When I was younger, I used to dread the thought of getting really old one day, but I’m starting to think that being in my 70’s would be fun. The husband knows that when I get to the part where I’m seriously old, my plan is to be like Dame Maggie Smith as the Dowager Countess of Grantham in Downton Abbey, delivering these caustic zingers with my deadpan icy gaze.
One of my goals in life is to amass enough of these one liners to deliver them at opportune moments later in life.
One of the perks of being that old is that you get to call it like it is and people generally take it even if they don’t like it. That’ll be so much fun.

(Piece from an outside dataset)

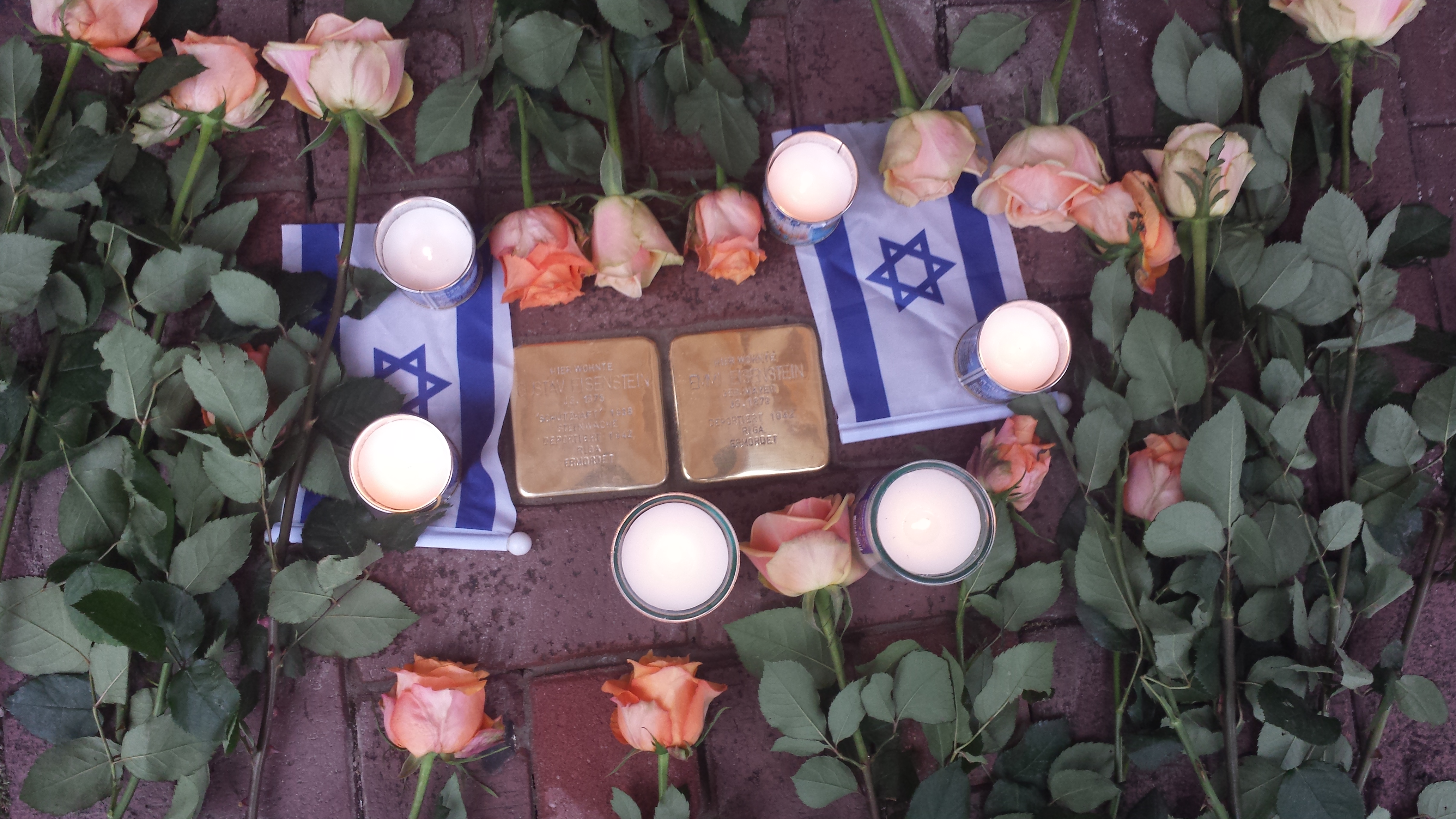 Am Montag dieser Woche sind in Dortmund neue Stolpersteine verlegt worden. Unweit der früher verlegten Stolpersteine für die Rosenbaums. Diesmal für das Ehepaar Emmi und Gustav Eisenstein im Stadtteil Hombruch von dem Grundstück Harkortstraße 73. Dort hatte das Ehepaar ein Sportartikelgeschäft betrieben. Zur Stolpersteinverlegung reisten rund 15 Enkel, Urenkel und Ururenkel aus Israel, Bayern und dem Kölner Raum an. Emmy und Gustav Eisenstein haben 46 heute lebende, direkte Nachfahren. Die Stolpersteinverlegung war eindrucksvoll und tief bewegend. Bezirksbürgermeister Hans Semmler richtete das Wort an die Anwesenden. Kantor Arie Mozes sprach nach Einbringung der Stolpersteine ein jüdisches Gedenkgebet. Blumen und israelische Fähnchen wurden neben den Stolpersteinen abgelegt.

Also, how about Maggie Smith as Professor Minerva McGonagall? Nobody should be allowed to be that awesome. It almost makes me look forward to being old…eventually. Or at least, it gives me hope that it isn’t going to be all that bad.
Onto birthday matters, seeing that the husband had to be away for a work retreat, the kids made it their responsibility to plan a special day for me.
Kirsten even wrote a letter of excuse to approve of the husband’s absence on my birthday, so adorable. At first she was like “Daddy’s not going to be around?? How are we going to celebrate your birthday on our own??? Without any money????” But then after some consultation with her brothers, they came up with a pretty solid plan.
So you know how kids get really obvious when they’re trying to hide something and they were like this all week, whispering in secret and being all mysterious about their plans. They would come up to me and ask super obvious questions like “Um mom, so what is your favourite food in the whole world?” and “What kind of cake do you like the most?”
As a birthday treat, they brought me out for a date, or rather, they made me bring them out for date and buy myself a cake (which they chose!).
They also prepared a birthday present, which was to inform me that for the rest of the month, I’d be entitled to unlimited hugs and kisses because as they so eloquently put it, “We know that we’re your best present ever!”
Right about that.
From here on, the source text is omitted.